Yes that was by me, before I started to work on this feature. I think
we can backpatch that change(assuming we don't backpatch this
feature), I will make the request accordingly.

Anyways, now we don't allow line_buf allocation for binary files,
which is also a good thing.

>
> > > > For the case where required nbytes may not fit into the buffer in
> > > > CopyReadFromRawBuf, I'm sure this can happen only for field data,
> > > > (field count , and field size are of fixed length and can fit in the
> > > > buffer), instead of reading them in parts of buff size into the buffer
> > > > (using CopyLoadRawBuf) and then DRAIN_COPY_RAW_BUF() to the
> > > > destination, I think we can detect this condition using requested
> > > > bytes and the buffer size and directly read from the file to the
> > > > destination buffer and then reload the raw_buffer for further
> > > > processing. I think this way, it will be good.
> > >
> > > Hmm, I'm afraid that this will make the code more complex for
> > > apparently small benefit.  Is this really that much of a problem
> > > performance wise?
> > >
> >
> > Yes it makes CopyReadFromRawBuf(), code a bit complex from a
> > readability perspective. I'm convinced not to have the
> > abovementioned(by me) change, due to 3 reasons,1)  the
> > readability/understandability 2)  how many use cases can we have where
> > requested field size greater than RAW_BUF_SIZE(64KB)? I think very few
> > cases.
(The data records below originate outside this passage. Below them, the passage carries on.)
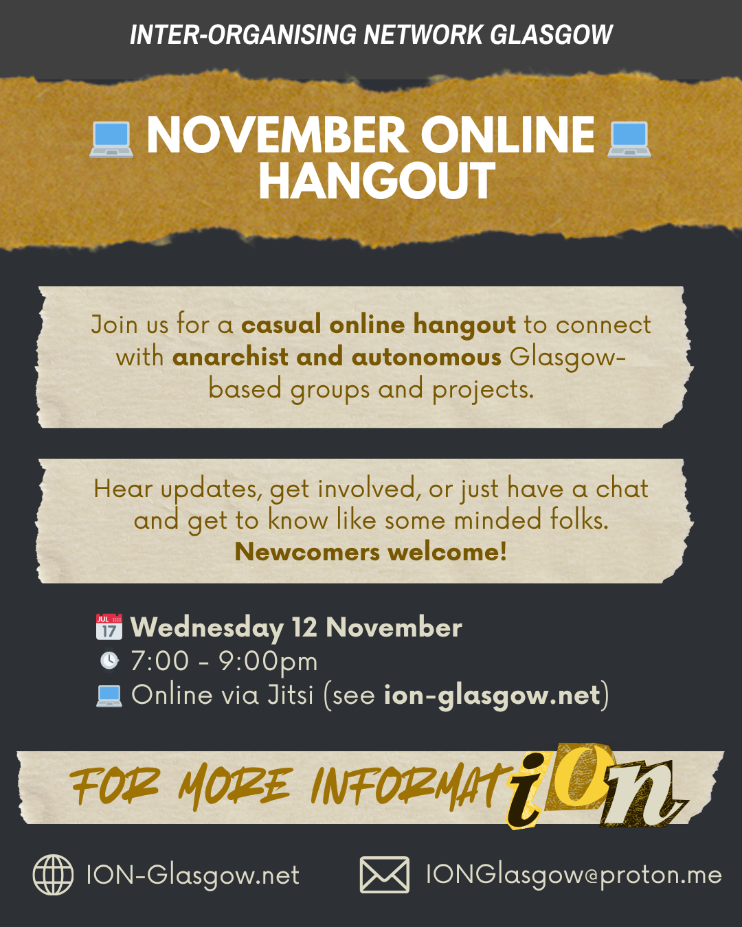 📅 Sunday, 02 November, 17:30 - 19:30 Connect with anarchist and autonomous Glasgow-based groups and projects: hear updates, get involved, or just have a chat. Bring a snack or just yourself. Newcomers welcome! When & Where• 📅 Sunday 2 November • ⌚ 5:30 - 7:30pm • 🌍 Glasgow Autonomous Space (GAS): Unit 9, Hollybrook Place, Glasgow, G42 7HB Accessibility Information• 😷 Please wear a mask (we will attempt to keep areas for eating separate to make mask-wearing practical, but please note that we have not tested that setup at GAS before). • ♿ Wheelchair access • 🍃 Air purification See the Glasgow Autonomous Space website for full details about the venue..png)
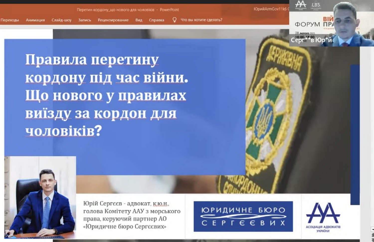 Форум «ВІЙНА ТА ПРАВО» став платформою, яка дала можливість представникам влади, бізнесу, освіти та науки обговорити проблемні питання різних галузей права під час воєнного стану в Україні. Зокрема на Форумі піднімалися дискусії щодо адаптації до стрімкої динамічності змін норм чинного законодавства в умовах війни; новацій в правовому регулюванні соціальної, економічної, управлінської та військової сфер; питання військового права та правового регулювання воєнного стану; особливості дискреційних повноважень органів влади в умовах війни; особливості військового обліку; питання благодійної та волонтерської діяльність; соціальні проблеми під час воєнного стану та шляхи їх вирішення; захист трудових прав під час війни. Окрему секцію було присвячено проблемам економіки країни під час воєнного стану, оподаткуванню та здійсненню ЗЕД в умовах воєнного стану.
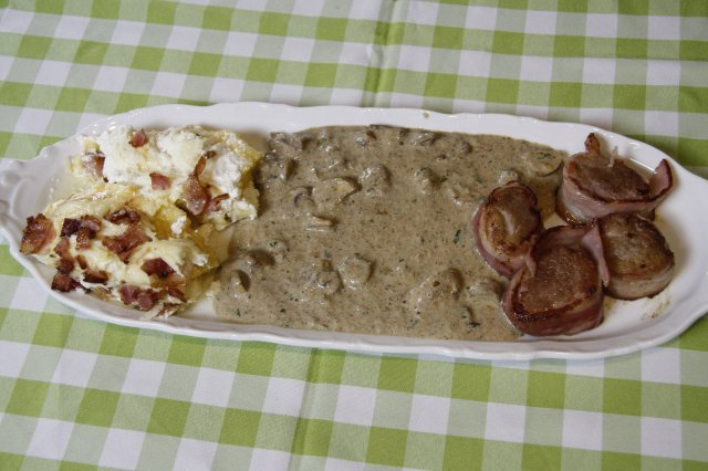 Baconba tekert szűzérmék erdei gombamártással, juhtúrós puliszkával
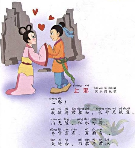 《上邪》为《铙歌十八曲》之一,属乐府《鼓吹曲辞》。《上邪》是一首民间情歌,是一首感情强烈,气势奔放的爱情诗。诗中女子为了表达她对情人忠贞不渝的感情。她指天发誓,指地为证,要永远和情人相亲相爱。
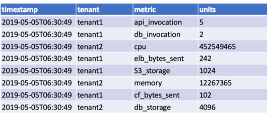 . - Depicted below in Figure 6 is an aggregated and filtered view of the ‘metrics’ table. The rows in the table are filtered for metrics that only influence the Amazon EC2 cost and are within the given time period. The filtered rows are then aggregated for each metric and tenant.
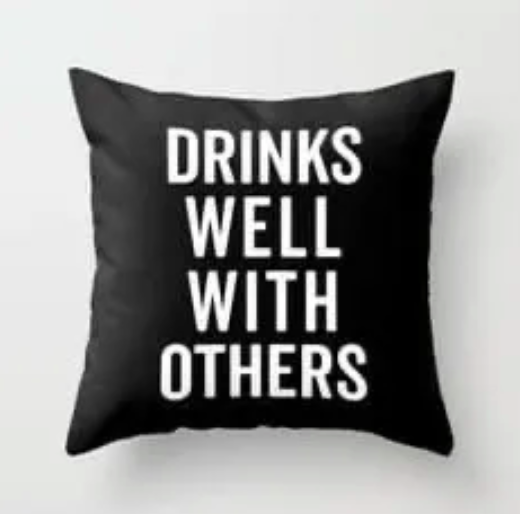 Shipping calculated at checkoutCheers to a good time and a touch of humour with our “Drinks Well With Others” pillow. This delightful statement showcases your social side and love for enjoying drinks with friends and family.
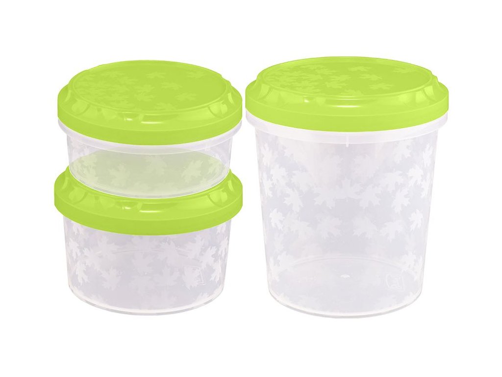 Sada dóz na potraviny se závitem Rukkola -kulatá, o objemu 0,375l, 0,6l a 1l. Ergonomicky tvarované víko pro snadné uchopení Barvy: fialová, zelená. Svěží moderní design, praktické využití v kuchyn
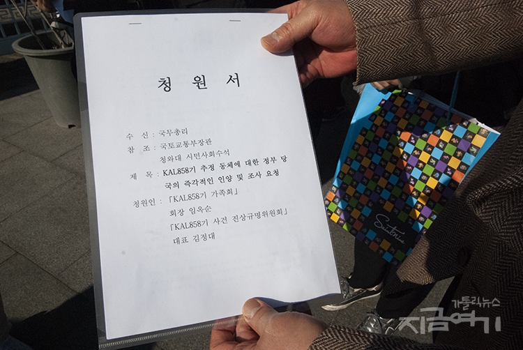 30일 이들은 정부서울청사 앞에서 기자회견을 열고 KAL858기 추정동체 즉각 인양, 조사를 촉구하며 국무총리실과 청와대 시민사회수석실에 청원서를 접수했다.
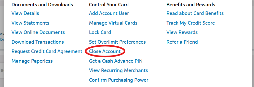 - Select “Close Account.” This option will be located under the “Control Your Card” section.
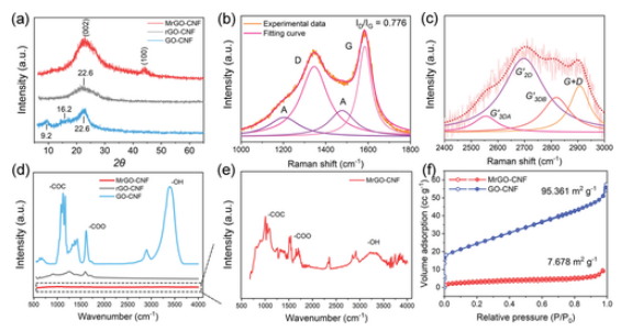 Figure 3. (a) GO-CNF、rGO-CNF和MrGO-CNF的XRD圖。(b) MrGO-CNF的拉曼光譜。(c) MrGO-CNF的2D峰值。 MrGO-CNF的(d) FT-IR圖和e)隔離FT-IR圖。(f) MrGO-CNF的N2吸附-解吸等溫曲線。

I may be wrong here. 3) Performance wise it may not be much as
> > we do one extra memcpy only in situations where field sizes are
> > greater than 64KB(as we have already seen and observed by you as well
> > in one of the response [1]) that memcpy cost for this case may be
> > negligible.
>
> Actually, an extra memcpy is incurred on every call of
> CopyReadFromRawBuf(), but I haven't seen it to be very problematic.
>

Yes.

>
> CopyReadFromRawBuf as a name for the new function might be misleading
> as long as we are only using it for binary data.  Maybe
> CopyReadBinaryData is more appropriate?  See attached v4 with these
> and a few other cosmetic changes.
>

CopyReadBinaryData() looks meaningful. +1.

With Regards,
Bharath Rupireddy.
EnterpriseDB: http://www.enterprisedb.com

Re: [PATCH] Performance Improvement For Copy From Binary Files

От

Amit Langote

Дата:

13 июля 2020 г., 10:34:46

On Mon, Jul 13, 2020 at 12:17 PM Bharath Rupireddy
<bharath.rupireddyforpostgres@gmail.com> wrote:
> > CopyReadFromRawBuf as a name for the new function might be misleading
> > as long as we are only using it for binary data.  Maybe
> > CopyReadBinaryData is more appropriate?  See attached v4 with these
> > and a few other cosmetic changes.
> >
>
> CopyReadBinaryData() looks meaningful. +1.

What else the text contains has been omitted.